System design. The GRAPHS tuple in registry.py is the single, explicit register of every LangGraph assistant identity in the system. Each element is a GraphSpec dataclass carrying the public assistant_id, the dotted module import path, the compiled_attr symbol name (default "graph"), an optional builder_attr (default "build_graph"), and a resumable boolean. To add a graph, one "drop[s] a row in GRAPHS and run[s] make gen-langgraph-json". That Makefile target invokes backend/scripts/gen_langgraph_json.py, which reads the raw GRAPHS structure and writes core/langgraph.json — the config that the langgraph CLI and the Cloudflare Containers runtime read. Separately, the FastAPI runtime in core/app.py imports GRAPHS directly at lifespan startup and compiles each spec (calling the module's builder_attr function with a checkpointer when needed, or using the pre‑compiled compiled_attr object). The tail of registry.py enforces uniqueness with assert len({g.assistant_id for g in GRAPHS}) == len(GRAPHS) — any duplicate assistant_id raises an AssertionError at import time, preventing silent misrouting.

The design is a deliberate trade‑off between centralized governance and build‑time hygiene. The registry module is kept "dependency‑free — it must import nothing from agentic_sales.*_graph at module top level". This ensures the JSON generator can resolve every row without compiling the 50+ graphs or pulling in the optional LLM/DB imports that many graph modules carry at import time. The cost is a two‑step flow: adding a graph to GRAPHS is one line, but a separate make gen-langgraph-json step must run afterward to regenerate the JSON config.
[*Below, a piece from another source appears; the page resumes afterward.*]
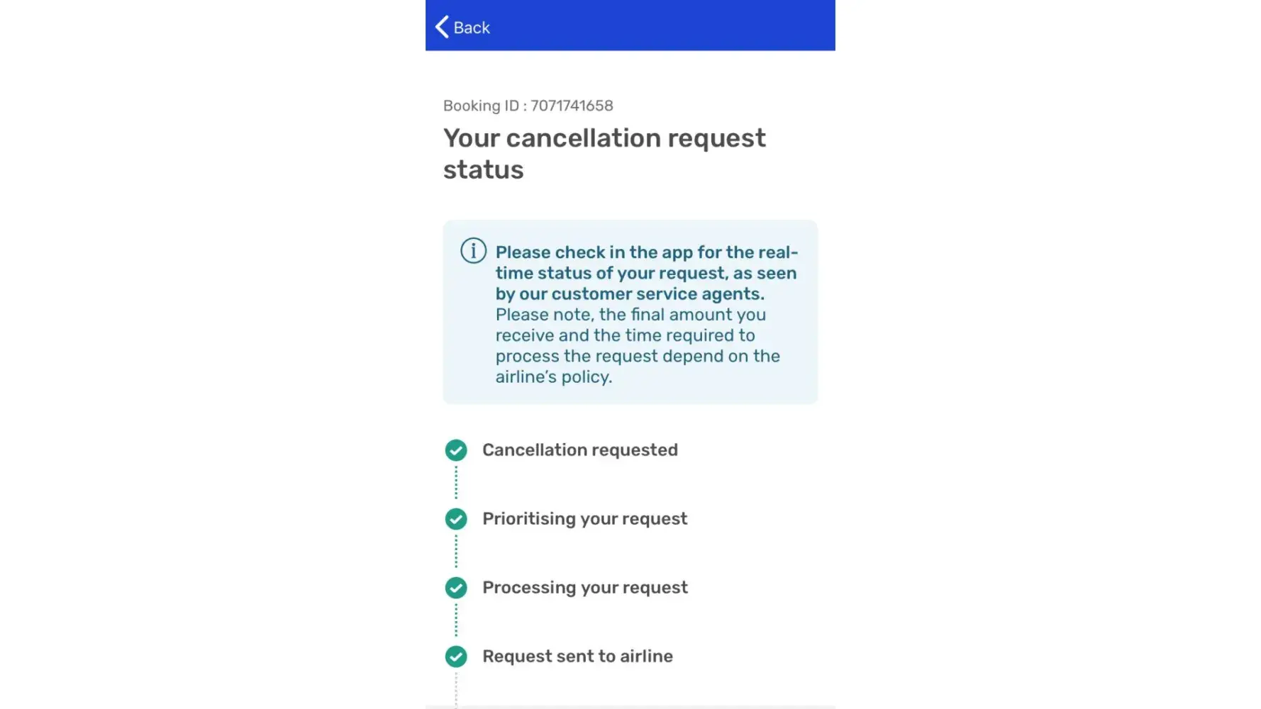 Desired outcome: full Refund for 2nd booking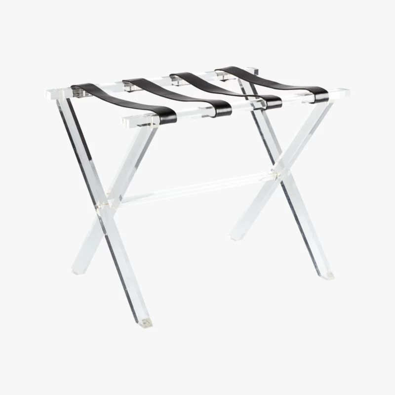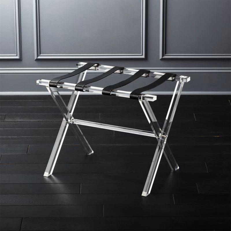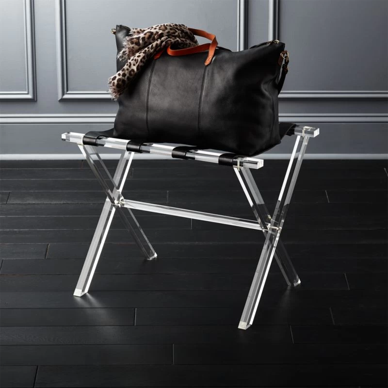 Transparent acrylic luggage rack floats luggage atop leather straps. Shows its hospitable side without taking up visual space in the guest room. Brass hardware adds fine finish. CB2 exclusive.

The GraphSpec fields (module, compiled_attr, builder_attr) serve as deferred import instructions: the runtime can lazily import the module only when it needs to compile the graph, keeping the registry lightweight.

A natural alternative would be to have each graph self‑register by importing its module at module top level — the pattern many monoliths use. The source explicitly rejects this: "it must import nothing from agentic_sales.*_graph at module top level so the JSON generator can build the registry without compiling 50+ graphs". That alternative would force every developer to have all LLM/DB dependencies installed just to run the JSON generator, and it would make the generator a full‑blown graph compiler. By keeping the registry pure data, the JSON generator remains a cheap, dependency‑free script.

A concrete failure mode is a typo that creates duplicate assistant_id values. Without the assertion, both runtimes would silently route to the last‑registered builder, producing unpredictable behavior for callers using the duplicate id. The assertion traps this at import time, forcing the developer to fix the row before the runtime starts. Another edge case: if a graph module changes its compiled_attr or builder_attr symbol name but the GraphSpec row is not updated, the runtime will fail to import or call the wrong function. The registry provides no schema validation beyond the duplicate check, so such mismatches surface as runtime ImportError or AttributeError when the graph is first compiled — a failure that is localised to the graph in question, but still production‑visible. The resumable flag, currently False for every graph in the shipped GRAPHS, exists to gate checkpointer attachment; flipping it to True would reactivate the dormant D1 checkpointer (infra/checkpointer.py) and compaction logic, a reminder that the registry is also the single place where such durability decisions are made.

The graph registry is a single source of truth defined as a tuple of GraphSpecs, added by inserting one row, and protected by an import-time duplicate assistant_id assertion, kept dependency-free for cheap JSON generation.

python
"""Single source of truth for the agentic-sales LangGraph registry.

... To add a graph: drop a row in ``GRAPHS`` and run ``make gen-langgraph-json``.
... Keep this module dependency-free — it must import nothing from
``agentic_sales.*_graph`` at module top level so the JSON generator can build
the registry without compiling 50+ graphs (and without dragging in optional
LLM/DB deps that some graph modules import at import time).
"""

from __future__ import annotations
from dataclasses import dataclass

@dataclass(frozen=True)
class GraphSpec:
    assistant_id: str
    module: str
    compiled_attr: str = "graph"
    builder_attr: str | None = "build_graph"
    resumable: bool = False

# GRAPHS is the tuple of all registered graphs.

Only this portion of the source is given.